Frankie (born 1 July 2025) is a Caribbean flamingo who garnered attention in November 2025 when she disappeared from the zoo in Cornwall, England, where she had been born. After a six-day search, Frankie was located in France.

== Early life ==
Frankie was born at Paradise Park Wildlife Sanctuary in Hayle, Cornwall, in on 1 July 2025. Her right wing was clipped shortly after her birth. She was the second flamingo born at the zoo, where she was raised by her parents in a walled garden.

== Disappearance and discovery ==
Between 08:00 and 08:20 GMT on 2 November 2025, Frankie, then aged four months old, disappeared from her enclosure at Paradise Park.

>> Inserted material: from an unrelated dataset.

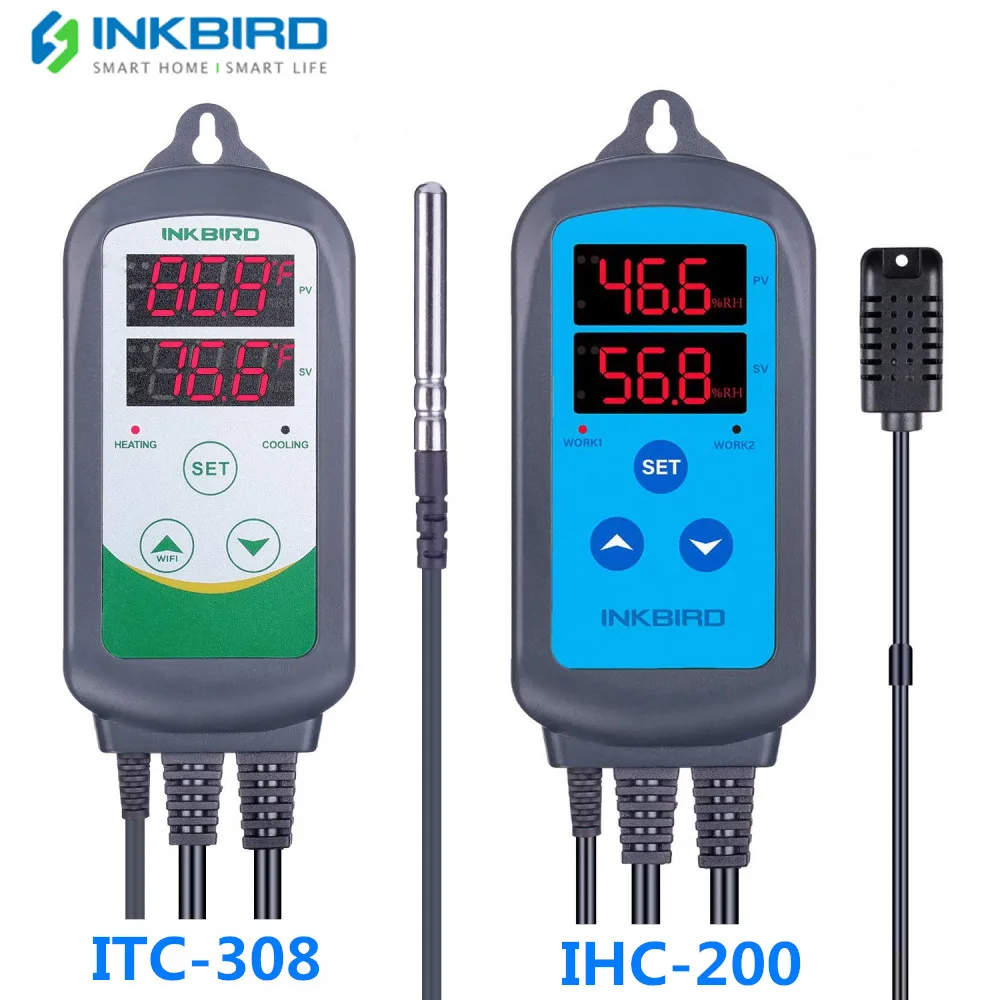 INKBIRD комбо Набор Предварительно проводной цифровой Дуральный сценический регулятор влажности IHC-200 и нагревательный регулятор температуры ITC-308Конструкция Plug and play, проста в использовании;

While clipped birds cannot take flight, clipping does not prevent them from flying once airborne, with it hypothesised that Frankie may have been "jumping up and down" and "stretching and flapping" her wings when she was caught by a gust of wind.

Following her disappearance, zookeepers alerted the local Cornish media, who asked the public to share any potential sightings, as well as asking for information to be shared on Facebook. The search was complicated by the recent release of a white stork in northern England, with many reports erroneously identifying the stork as Frankie. The only confirmed sighting of Frankie was a photograph taken by a local resident in Porthtowan at around 10:15 towards the Hayle Estuary, leading to concerns she may have been pulled out over the Atlantic Ocean by the air stream.

On 9 November 2025, a French citizen reported seeing a flamingo on Île Aganton, an island off the north coast of France, on 3 November, 120 miles away from Paradise Park, on the Breton coast. A pair of images were subsequently taken of a flamingo at Plage de Keremma in Goulven, around 30 miles away, by Mickaël Belliot of Finistère, which were shared with Paradise Park. She was also seen in Kerlouan on 8 November.

David Woolcock, a curator at Paradise Park, later stated it was "unlikely" Frankie would be returned to the United Kingdom, citing complications with animals crossing the France–United Kingdom border following Brexit, in addition to the heightened risk that Frankie could have contracted bird flu during her travels. He expressed hope that Frankie would a join a flock of wild flamingos, such as at the Parc naturel régional de Camargue in southern France.

On 30 July 2026, a flamingo chick and sibling to Frankie hatched at Paradise Park.